> **WHAT THE EXERCISE ASKS**:
If a line below falls between the line with "물감을 찍어 멋진 그림과" and the line with "A través de", or is one of those two, output it exactly; output nothing else and no pictures.

> **INPUT MATERIAL**:
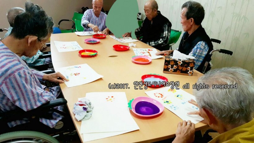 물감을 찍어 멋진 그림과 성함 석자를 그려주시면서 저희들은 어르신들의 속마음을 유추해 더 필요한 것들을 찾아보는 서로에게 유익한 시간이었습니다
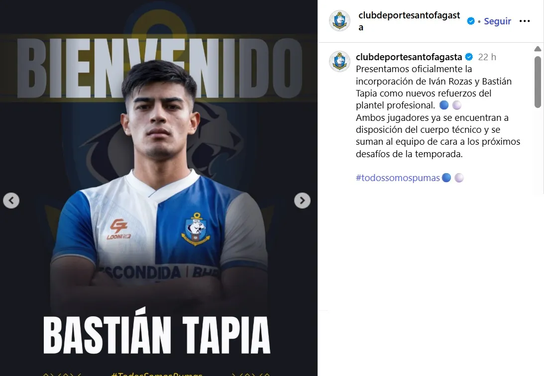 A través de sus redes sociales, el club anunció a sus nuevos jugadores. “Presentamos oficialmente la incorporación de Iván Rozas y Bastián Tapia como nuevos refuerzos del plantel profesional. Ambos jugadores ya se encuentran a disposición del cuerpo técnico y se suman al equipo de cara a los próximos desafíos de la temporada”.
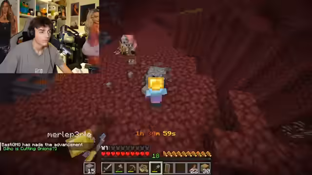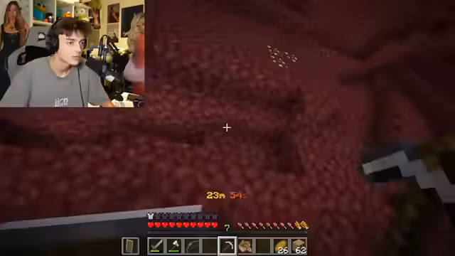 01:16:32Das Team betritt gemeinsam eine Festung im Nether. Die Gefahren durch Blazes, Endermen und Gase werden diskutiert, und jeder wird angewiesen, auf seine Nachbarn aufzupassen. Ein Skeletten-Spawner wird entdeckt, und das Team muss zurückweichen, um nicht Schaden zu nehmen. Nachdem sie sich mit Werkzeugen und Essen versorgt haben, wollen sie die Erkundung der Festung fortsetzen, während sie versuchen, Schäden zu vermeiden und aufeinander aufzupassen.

==

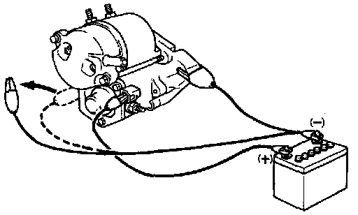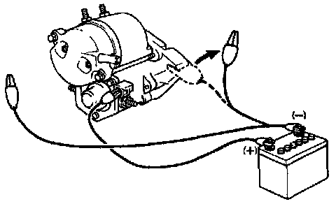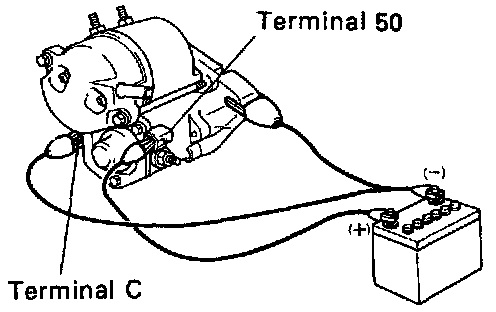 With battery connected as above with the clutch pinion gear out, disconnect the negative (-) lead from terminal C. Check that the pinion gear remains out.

> **THE COMPLETED TASK**:
 물감을 찍어 멋진 그림과 성함 석자를 그려주시면서 저희들은 어르신들의 속마음을 유추해 더 필요한 것들을 찾아보는 서로에게 유익한 시간이었습니다
 A través de sus redes sociales, el club anunció a sus nuevos jugadores. “Presentamos oficialmente la incorporación de Iván Rozas y Bastián Tapia como nuevos refuerzos del plantel profesional. Ambos jugadores ya se encuentran a disposición del cuerpo técnico y se suman al equipo de cara a los próximos desafíos de la temporada”.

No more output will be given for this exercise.